RADARINDO.co.id – Medan : Siapapun tak ingin mendapatkan musibah dalam kehidupannya. Namun, musibah merupakan bagian yang tak dapat dipisahkan dari kehidupan manusia itu sendiri. Dengan adanya musibah, manusia berpikir dan berusaha untuk mengurangi dampak secara psikologis dan dampak ekonomi.
Musibah secara garis besar berdampak faktor psikologis hendaknya jangan menjadikan gejolak sosial yang lebih besar dalam tatanan kehidupan bermasyarakat, berbangsa dan bernegara.
Mengapa dikatakan demikian?. Dari sisi kemanusiaan kedekatan individu-individu dalam satu keluarga, kelompok atau golongan melahirkan suatu ikatan emosional. Rasa simpati dan empati dan rasa senasib sepenanggungan. Adanya musibah yang dialami ditambah faktor ekonomi karena rendahnya kepedulian akan menimbulkan luka dan duka yang semakin mendalam.

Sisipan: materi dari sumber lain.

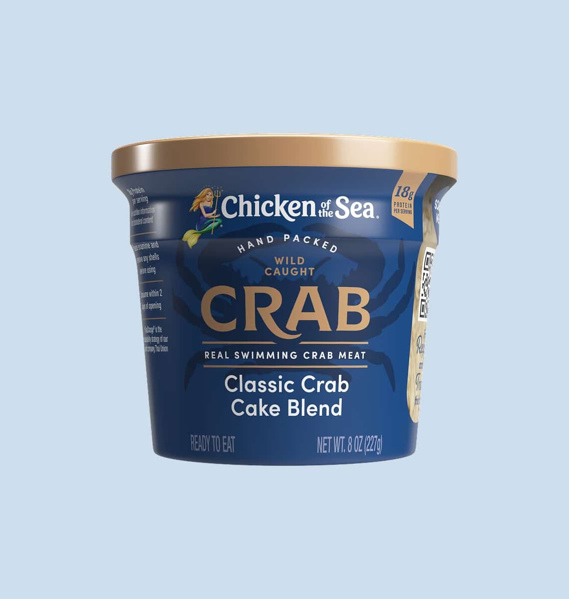 Blue Swimming Crab – Classic Crab Cake Blend Make impressive appetizers and entrees with our hand-selected Jumbo Lump Crab. WHERE TO BUY BUY NOW Available in 8 oz. cup Nutrition Facts Nutrition facts are based on a 16 oz. cup. Serving Size 3 oz. (85g) Servings per container 2.5 Amount per serving % Daily Value calories 80 - total fat 0.5g 1% saturated fat 0g 0% trans fat 0g - cholesterol 100mg 33% sodium 270mg 12% total carbohydrates 0g 0% fiber 0g 0% total sugars 0g - added sugars 0g 0% protein 18g - vitamin d 0mcg 0% calcium 50mg 4% iron 0.5mg 2% potassium 270mg 6% Ingredients Pasteurized Crab Meat (Portunus pelagicus), Sodium Acid Pyrophosphate (to promote color retention)
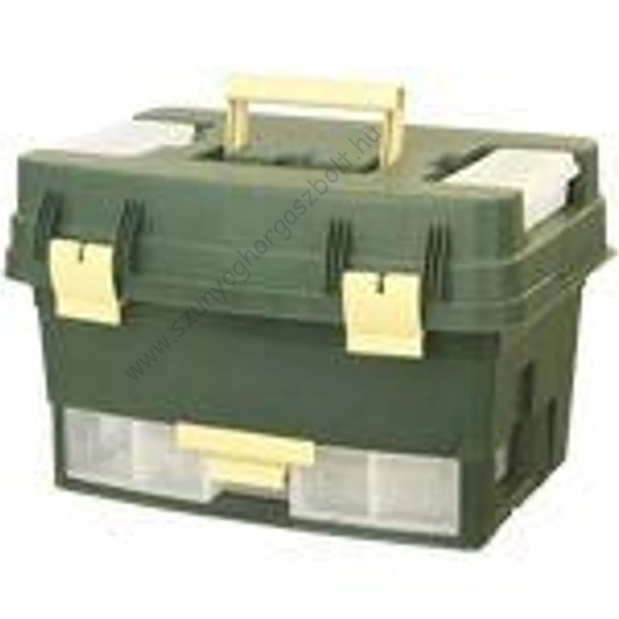 Speciális kialakítású nagy méretű pergetőláda. Ha az erős patentzárral ellátott tetőt felemeljük, egy speciális műcsali tároló rekeszt találunk. Előnye, hogy a wobblereket, villantókat, kanalakat, twistereket, "fejjel lefelé", azaz a hármas horognál lógatva tároljuk. Az eredmény kiváló! Rendezett sorokban, áttekinthetően sorakoznak egymás mellett, nem kell az összeakadt horgokat kibogozni, és ami a leglényegesebb, hogy egy mozdulattal kiemelhetjük a választott műcsalit. A láda egy speciális műanyagból készült, kihúzható fiókkal büszkélkedhet. A legnagyobb melegben csomagolás nélkül tárolhatjuk gumihalainkat, twistereinket.
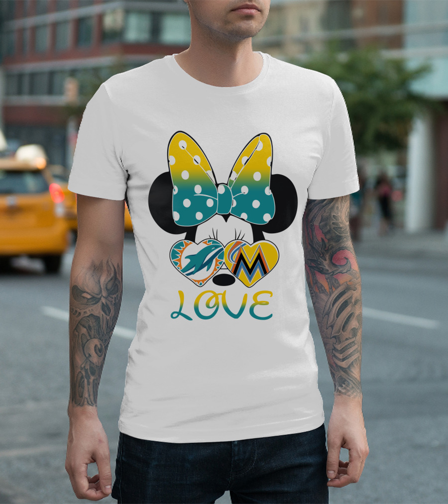 Minnie Bow Dolphins Marlins Love T-Shirt
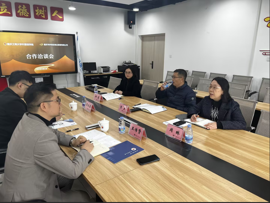 12月11日下午,外国语学院与重庆华伊贸投商业管理有限公司校企合作洽谈会在学院顺利举行。参加洽谈会的有华伊贸投公司总经理王传贤及公司助理张宗鑫,学院党委书记彭勇、院长周琳、副院长邹莉。
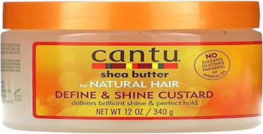 CANTU SHEA BUTTER DEFINE & SHINE CUSTARD 12oz. Cantu Define and Shine Custard is made with 100% Pure Shea Butter and formulated without harsh ingredients, Cantu for Natural Hair restores your real, authentic beauty. Embrace your curly, kinky, or wavy hair with Cantu for Natural Hair. No Mineral Oil, Sulphates, Parabens, Silicone, Phthalates, Gluten, Paraffin, Propylene. Formulated to infuse curls with moisture for superb definition and brilliant shine. Plus, reduces hair bulk, elongates curls, and provides enough hold for great second and third day styling! Set Contains: 1 x Cantu Shea Butter Natural Define & Shine Custard 340g
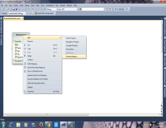 Now, we have to import the stored procedure into Entity Framework. Stored procedure in Entity Framework is called a function. For that, right click the entity model -> Add->Function Import. Please refer to the below images for reference.
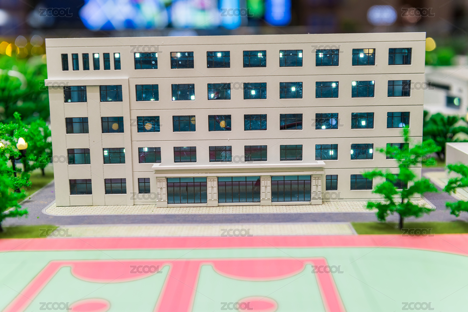 房地产售楼处建筑模型沙盘中高层住宅小区规划场景局部特写
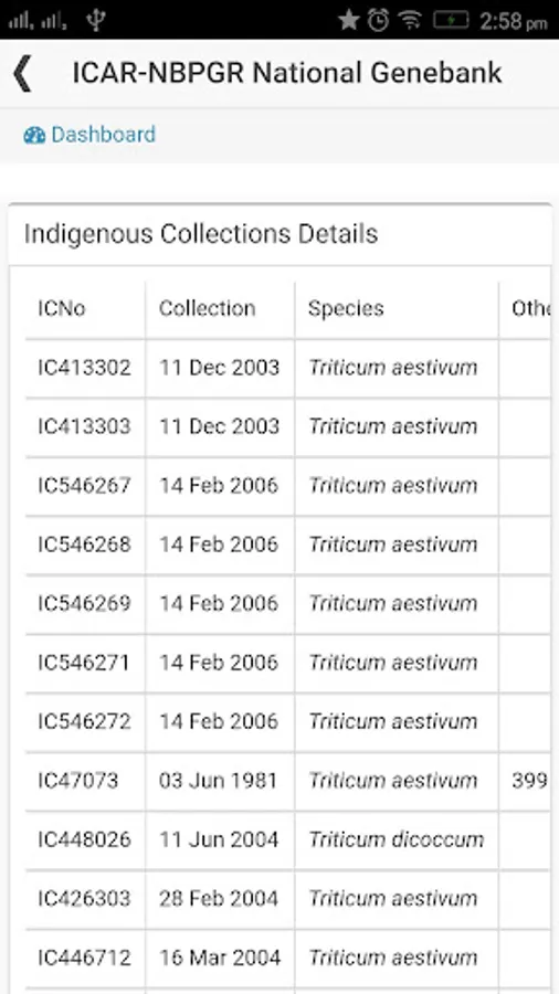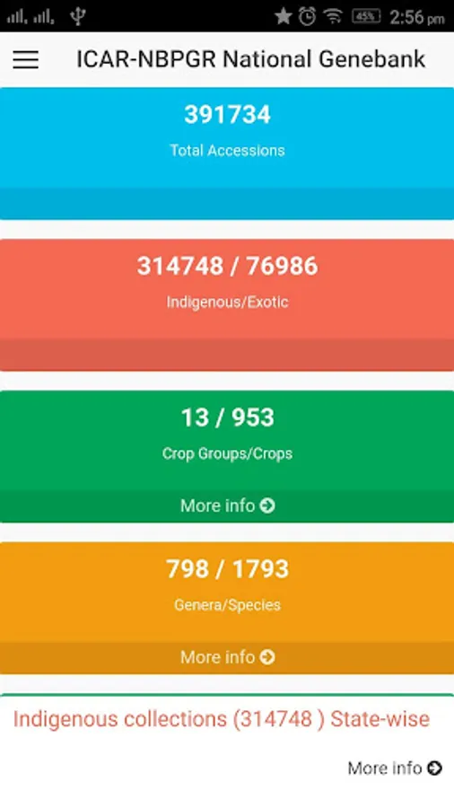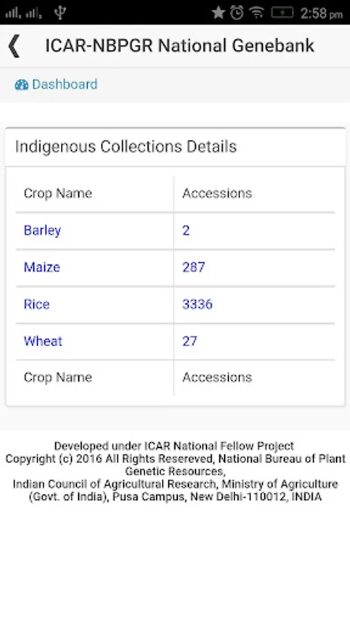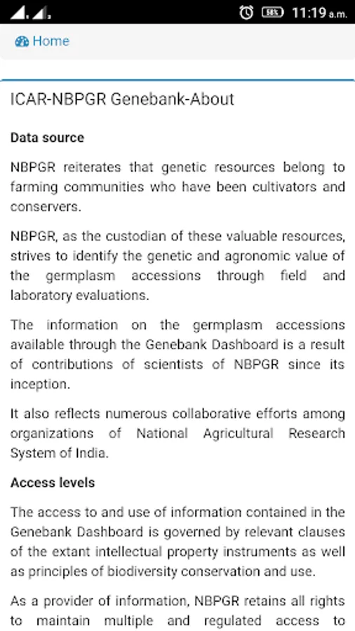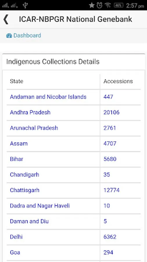 ICAR-NBPGR houses second largest genebank in the world. GENEBANK app gives a quick access to the information on germplasm accessions conserved. The app provides a personalized quick access to genebank information to PGR workers, breeders, students, research managers and administrators. The dashboard graphs are dynamically updated as and when genebank database is updated.

Apa yang disampaikan oleh penulis bukan untuk pencitraan dalam bentuk puja-puji melainkan sebuah apresiasi terhadap sebuah kebijakan yang memberi manfaat atas hadirnya negara terhadap warganegaranya dalam hal ini pihak Pemerintah Kota Medan yang digagas oleh Bobby Afif Nasution semasa menjabat Walikota Medan lewat program Universal Health Coverage Jaminan Kesehatan Medan Berkah (UHC-JKMB).
Saat itu ada yang bersikap pesimis dan skeptis, benar apa tidak program ini?. Ah…pencitraan !, kurang apalagi dengan layanan BPJS dan KIS?. “Ini proyek lahan baru untuk korupsi”. Berbagai opini sontak merebak memenuhi laman berita hingga perbincangan di warung kopi pinggir jalan.
Sementara di sisi yang lain menyambut dengan antusias, semoga program ini berjalan dengan baik. “Uwak apa mau sakit meski berobat gratis”?. Ungkapan satir terdengar saat seorang bapak penarik becak dayung di Pajak Kampung Durian ikut obrolan di sebuah warung kopi. Dia mendukung program itu untuk menolong rakyat kecil.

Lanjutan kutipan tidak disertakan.